[Recorded information]

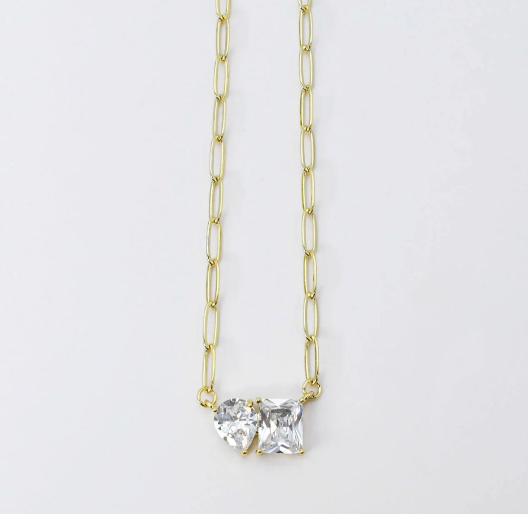 This elegant gold-plated necklace features a stunning duo of crystals—one pear-cut and one emerald-cut—nestled side by side for a look that’s both romantic and refined. The delicate paperclip chain adds a modern touch while keeping the design lightweight and easy to layer. Whether worn alone or styled with other pieces, this necklace brings a timeless sparkle to any outfit.
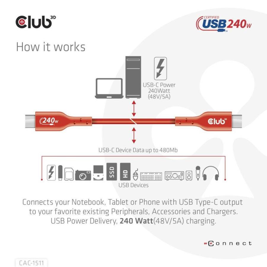 - Club3D Kabel USB-C, PD 240W(48V/5A) EPR M/M 1m
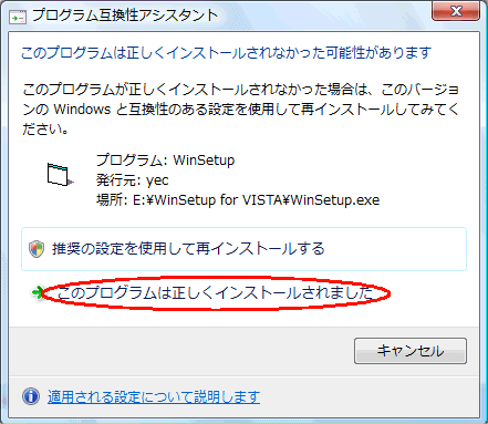 (6) 「プログラム互換性アシスタント」画面が表示されることがありますので
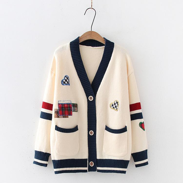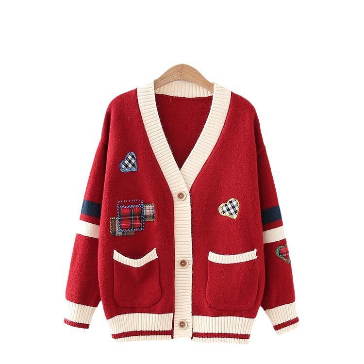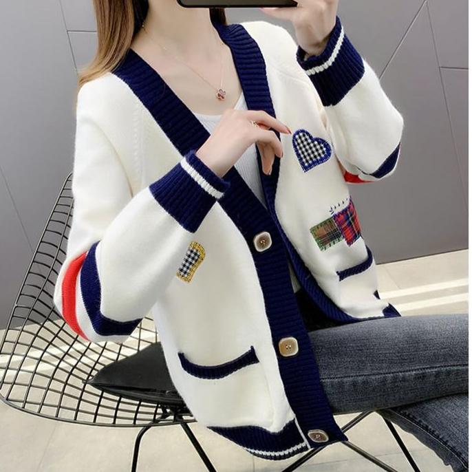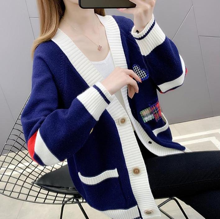 Зимние свитера, вязаный кардиган для женщин, свободные повседневные винтажные пальто с цветными блоками, осенние топы с V-образным вырезом в корейском стиле с длинными рукавами для женщин
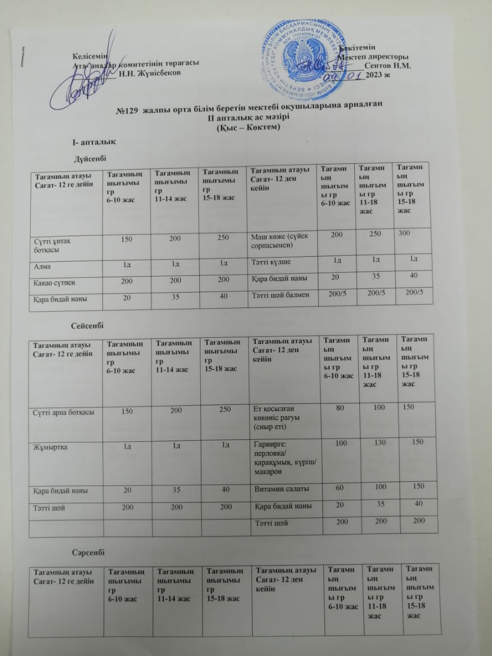 Қыс-Көктем апталық ас мәзірі 2023ж » №129 жалпы орта білім беретін мектеп
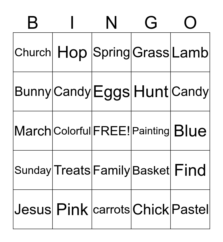 This bingo card has a free space and 24 words: Treats, Pink, Eggs, Jesus, Lamb, Church, Bunny, Hop, Painting, Family, Hunt, March, Basket, Find, Candy, Chick, Blue, Spring, Candy, Colorful, Pastel, Sunday, Grass and carrots.
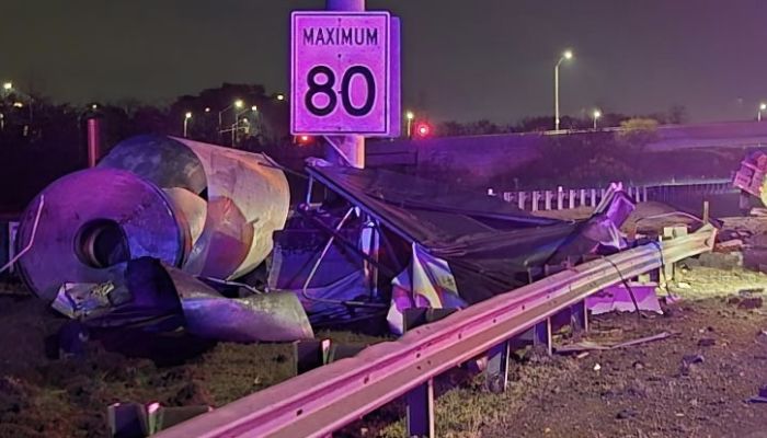 The collision caused extensive damage to approximately 300 feet of guardrail separating the northbound and southbound lanes. Debris from the transport truck and rail was scattered throughout the northbound roadway.

[/Recorded information]

### Task goal
Please repeat each line above exactly as it appears, but omit the pictures.

### Problem solution
 This elegant gold-plated necklace features a stunning duo of crystals—one pear-cut and one emerald-cut—nestled side by side for a look that’s both romantic and refined. The delicate paperclip chain adds a modern touch while keeping the design lightweight and easy to layer. Whether worn alone or styled with other pieces, this necklace brings a timeless sparkle to any outfit.
 - Club3D Kabel USB-C, PD 240W(48V/5A) EPR M/M 1m
 (6) 「プログラム互換性アシスタント」画面が表示されることがありますので
 Зимние свитера, вязаный кардиган для женщин, свободные повседневные винтажные пальто с цветными блоками, осенние топы с V-образным вырезом в корейском стиле с длинными рукавами для женщин
 Қыс-Көктем апталық ас мәзірі 2023ж » №129 жалпы орта білім беретін мектеп
 This bingo card has a free space and 24 words: Treats, Pink, Eggs, Jesus, Lamb, Church, Bunny, Hop, Painting, Family, Hunt, March, Basket, Find, Candy, Chick, Blue, Spring, Candy, Colorful, Pastel, Sunday, Grass and carrots.
 The collision caused extensive damage to approximately 300 feet of guardrail separating the northbound and southbound lanes. Debris from the transport truck and rail was scattered throughout the northbound roadway.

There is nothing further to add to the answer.